こんにちは。花祭窯おかみ/アートエデュケーターふじゆりです。
「ニッチ」って何?
先日、お友だちとおしゃべりをしていて出てきた言葉「ニッチ」。よく使う隙間という意味でのニッチではなく(綴りは一緒ですが)、建築用語でした。昨今はインテリア用語として一般的に使われることもあるようですね。
「 【niche】① 西洋建築で,壁面を半円または方形にくぼめた部分。彫刻などを飾ったり噴水を設けたりする。壁龕(へきがん)。」 (Weblio 三省堂大辞林 より)とありました。
壁龕(へきがん) というのがまた難しいですね。へきがんは「 西洋建築で、壁・柱の垂直面につくったくぼみ。彫刻などを飾る。ニッチ。 」(コトバンク大辞林第三版より)とありました。
話の発端は友人とのおしゃべり。藤吉憲典の作品群が「もう少し大きくしたら、ニッチにちょうどいいよね」と言われ、「ニッチって何?」と質問したのでした。 説明を聞いてみると、それ知ってる!存在は知っているけれど名前を知らなかった、というやつです。
日本の住宅には床の間があり、欧米の住宅にはニッチがある。床の間・ニッチともに、いわば個人博物館としての最小単位の展示スペースだとわたしは思っています。住宅にある博物館。残念ながら昨今の日本の住宅建築からは床の間は失われつつありますが、ヨーロッパにはニッチと、それに伴う文化がちゃんと引き継がれているとの友人の言葉は、とても心強いものでした。

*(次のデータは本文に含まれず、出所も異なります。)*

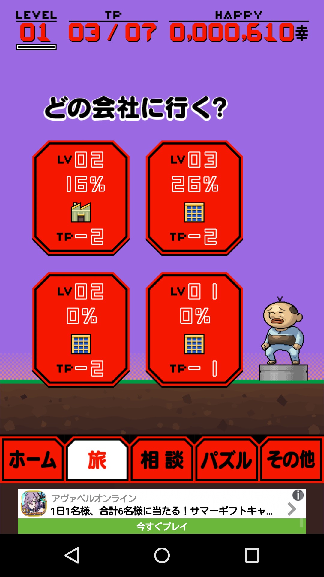 「旅」の画面では最大で4つの会社を巡ることになります。TP(倒産ポイント)を消費して会社のレベルと%を成長させ、倒産させやすい会社にしたところで倒産力を使い倒産させましょう。
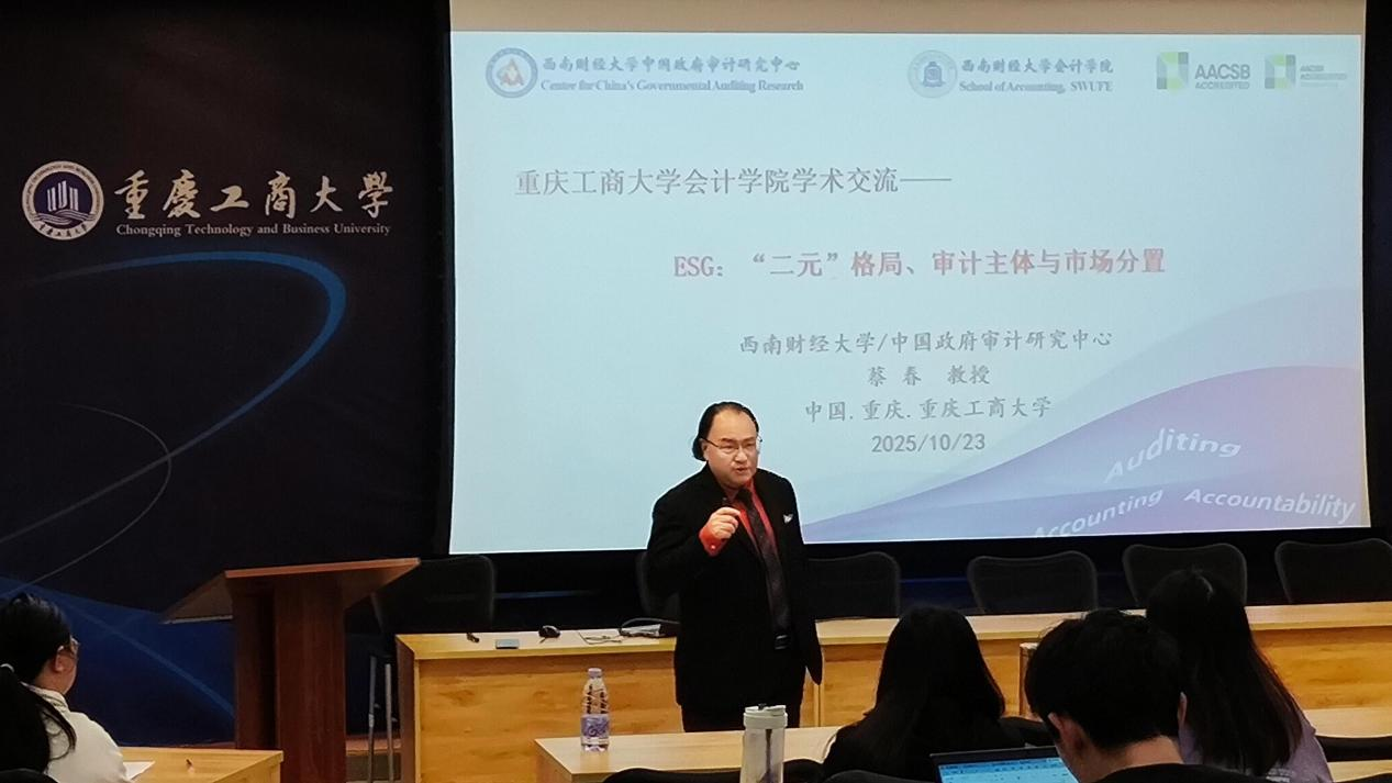 2025年10月23日,必赢国际437在博智楼7108成功举办第六十六期会计/审计名家大讲堂。本次大讲堂主题为“ESG:‘二元’格局、审计主体与市场分置”,由西南财经大学中国政府审计研究中心蔡春教授主讲,必赢国际437院长钟廷勇担任主持。

ニッチという空間にこそ、磁器彫刻家としての藤吉憲典作品がピッタリはまるのではないか、というお友だちの話に、なるほど納得。 ヨーロッパ各地で住宅建築をたくさん見てきている友人の言葉だけに、説得力も絶大です。 そのような具体的スペースを想定しての制作を今までしたことが無かったと、ダンナともども気づかされたのでした。
いざ気づいてみれば、そして調べるほどに、まさにニッチこそ藤吉憲典作品のためのスペースなのではないかと思いが募ってくるから不思議なものですね。12月のロンドン個展(Kensuke Fujiyoshi solo Exhibition)に向けて、「ニッチ」は重要キーワードになりそうです。
なにげないおしゃべりのなかで、たくさんのヒントを投げかけてくれるお友だちに心より感謝。いつもありがとうございます。